Monday, January 14, 2019

The fundamental problem with wine scores

I have written several blog posts about wine-quality scores, pointing out that even though they are expressed as numbers they do not have many useful mathematical properties; and, to me, a score with no mathematical meaning is like trying to construct a Swedish sentence by knowing the words but not the grammar. However, what I have not done, until now, is point out the fundamental issue that leads to this situation in the first place. That is, I have previously pointed out effects, but not causes.

Before proceeding to discuss the cause, however, I will point out that many wine commentators seem to treat wine scores as nothing more than a convenient way to express their own personal preferences (ie. increasing score indicates increasing preference). Under these circumstances the scores have nothing to do with mathematics, at all. Preferences could just as easily be expressed with words; and in this case they probably should be. They certainly used to be, before the 1990s, and for some commentators they still are.


The basic issue

Put formally, wine scores represent multidimensional properties that have been summarized as a single point in one dimension.

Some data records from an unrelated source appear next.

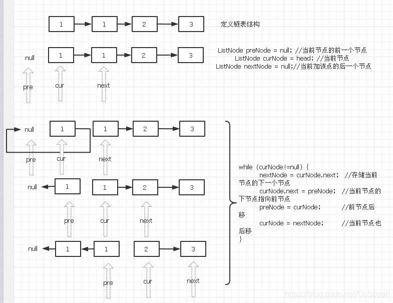 curNode.next = preNode; //当前节点的下节点指向前节点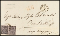1852 - 15 c. rosa I emissione due esemplari su lettera del 31 gennaio 1858 da Piacenza per Intra - Il secondo esemplare con varietà "greca larga" - Firme Bottacchi e Sorani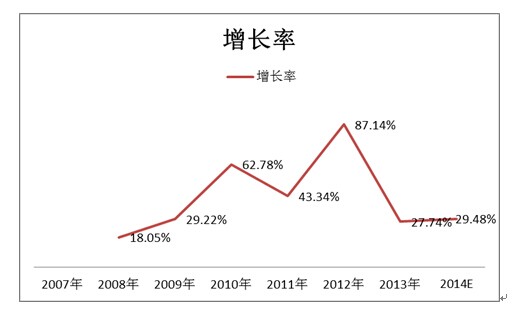 從2008年到2013年全球智能手機(jī)的銷量增長率出現(xiàn)先上升后下降的趨勢(shì),預(yù)計(jì)2014年智能手機(jī)預(yù)計(jì)銷量增長率為29.48%,說明智能機(jī)銷量增長率已經(jīng)放緩,處于成長期末期,預(yù)計(jì)銷量增長持續(xù)放緩。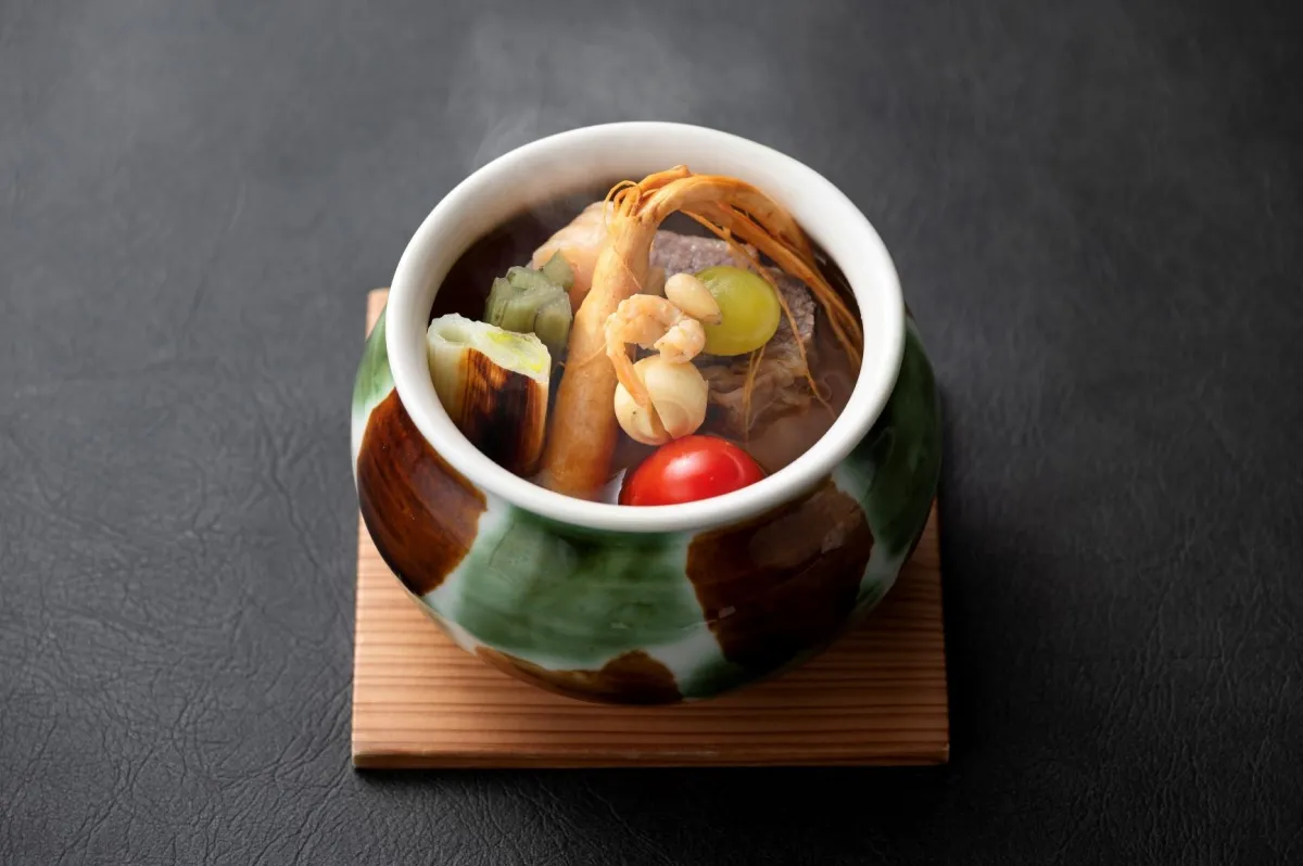 - - 続いて提供されるのは、ブランド鶏と鱶鰭を使用した名物・美濃薬膳スープ。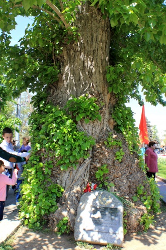 7. В огне войны выжил многолетний тополь, сплошь укрытый ранами от снарядов – в 1957 году он приобрел статус природно-исторического памятника.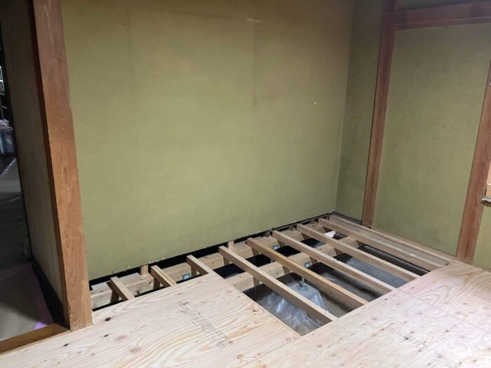 壁の部分もこれからベニヤを貼ってクロスにする予定なので
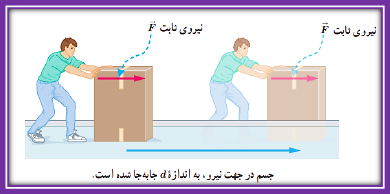 زمانی که جسم در جهت نیرو جابجا می شود: اگر به جسمی نیرو(F) وارد کنیم و جسم در همان جهتی که نیرو وارد کرده ایم جابجا (d)شود ، کار از رابطه زیر بدست می آید: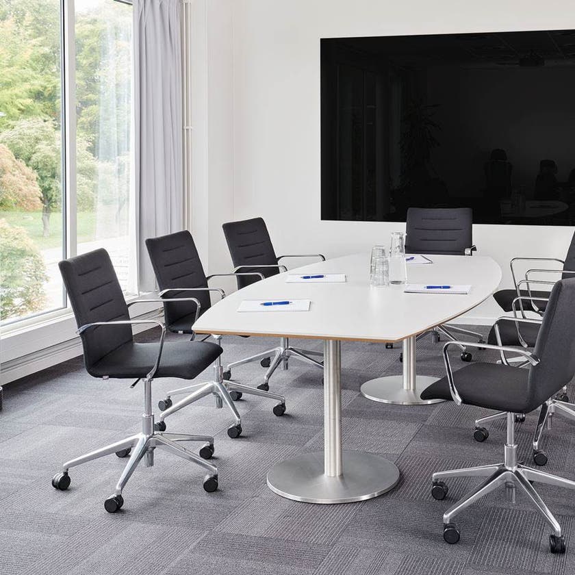 Stilren konferensstol på hjul med exklusiv känsla. Valbar i 8 färger Xtreme-tyg. Med underrede och armstöd i borstad aluminium. Som tillval finns skinnklädda armstöd och gungfunktion.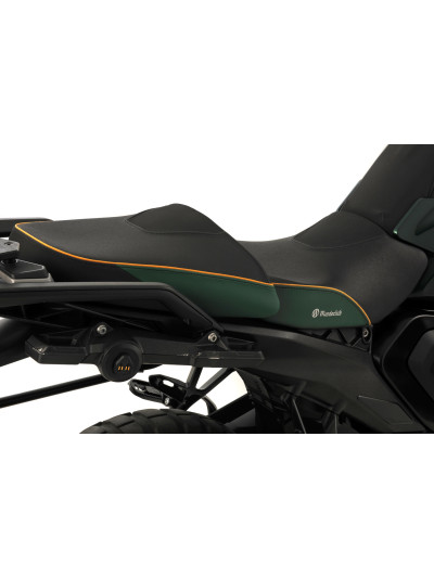 Realizziamo le nostre selle passeggero con un distintivo contorno ergonomico 3D. La forma e l'inclinazione del nucleo della sella, lavorata con cura, supportano la postura naturale ed ergonomica del bacino. Una caratteristica speciale della nostra sella passeggero è il contorno di supporto integrato nella parte anteriore della sella, che offre un ulteriore sostegno durante la frenata. Questa integrazione nella moto assicura una guida rilassata e attiva. Senza dubbio, una posizione rilassata aumenta la sicurezza passiva. Questa sella AKTIVKOMFORT è dotata della più recente tecnologia ThermoPro, che riduce la temperatura della superficie della sella fino a 25°C sotto il sole intenso rispetto ai materiali di rivestimento tradizionali. È disponibile anche una sella pilota abbinata.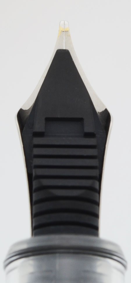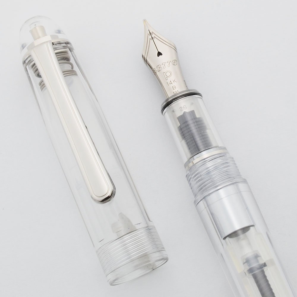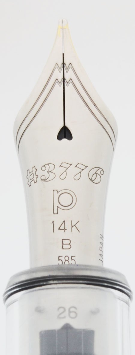 Nib Broad Cursive Italic 14k rhodium masked 3776 nib. It has a B on it for broad and was cut so that it writes with some line variation. (We didn't do the nib work.) The Platinum broad nibs write like Western broad nibs.

Sounds good, doesn't it? Let's put it another way: the single wine-quality number is trying to do too many things all at once.

Whenever a critic tells us how they construct their scoring scheme, they usually list a series of characteristics of wines that purportedly contribute to quality (mainly based on color, aroma, palate and body). Formally, each of these characteristics is a "dimension" of any given wine's quality.

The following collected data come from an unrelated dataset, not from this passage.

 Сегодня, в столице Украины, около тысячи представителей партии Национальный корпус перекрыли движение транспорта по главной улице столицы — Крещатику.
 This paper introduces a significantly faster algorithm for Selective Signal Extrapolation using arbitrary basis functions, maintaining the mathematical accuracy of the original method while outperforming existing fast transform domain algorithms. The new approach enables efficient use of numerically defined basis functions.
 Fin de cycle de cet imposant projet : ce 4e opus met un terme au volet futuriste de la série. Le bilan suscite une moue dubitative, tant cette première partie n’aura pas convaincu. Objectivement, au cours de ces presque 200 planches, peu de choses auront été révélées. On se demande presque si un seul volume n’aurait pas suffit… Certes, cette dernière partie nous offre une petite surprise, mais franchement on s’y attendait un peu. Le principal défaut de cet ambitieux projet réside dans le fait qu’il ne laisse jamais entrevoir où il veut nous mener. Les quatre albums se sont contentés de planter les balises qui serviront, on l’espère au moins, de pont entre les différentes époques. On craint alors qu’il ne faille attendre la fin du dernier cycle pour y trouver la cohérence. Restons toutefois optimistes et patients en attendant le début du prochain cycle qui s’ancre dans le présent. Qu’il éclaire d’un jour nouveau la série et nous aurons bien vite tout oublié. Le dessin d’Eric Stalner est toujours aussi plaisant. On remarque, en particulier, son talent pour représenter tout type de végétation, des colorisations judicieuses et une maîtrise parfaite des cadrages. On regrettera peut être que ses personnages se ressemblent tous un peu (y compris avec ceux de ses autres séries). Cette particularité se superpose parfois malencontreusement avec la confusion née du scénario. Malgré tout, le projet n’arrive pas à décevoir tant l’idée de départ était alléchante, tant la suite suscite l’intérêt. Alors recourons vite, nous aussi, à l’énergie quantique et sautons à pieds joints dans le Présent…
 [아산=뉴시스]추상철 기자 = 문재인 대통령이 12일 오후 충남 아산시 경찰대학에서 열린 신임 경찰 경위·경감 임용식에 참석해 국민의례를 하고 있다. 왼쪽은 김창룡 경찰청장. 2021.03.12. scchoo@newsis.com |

Here is an example, taken from Steve Charters and Simone Pettigrew (2007. The dimensions of wine quality. Food Quality and Preference 18: 997-1007).

The dimensions of wine quality

In terms of quality, most commentators are interested solely in the intrinsic dimensions. However, in order to describe a wine mathematically, we would need a number for each of these intrinsic dimensions. Given this collection of numbers, we would then have a complete description of any given wine's quality.

The situation

As a prime example, take the original UCDavis wine scoring system, which covers the score range 0-20.** The characteristics of quality and their associated numbers are:
Dimension
Appearance
Color
Aroma & bouquet
Volatile acidity
Total acidity
Sweetness
Body
Flavor
Bitterness
General quality
Score
2
2
4
2
2
1
1
2
2
2

There are 11 dimensions here, and we need all 11 numbers to completely describe any given wine's quality. That is, wine quality is multi-dimensional, and we need to "see" all of those dimensions in order to evaluate the wine.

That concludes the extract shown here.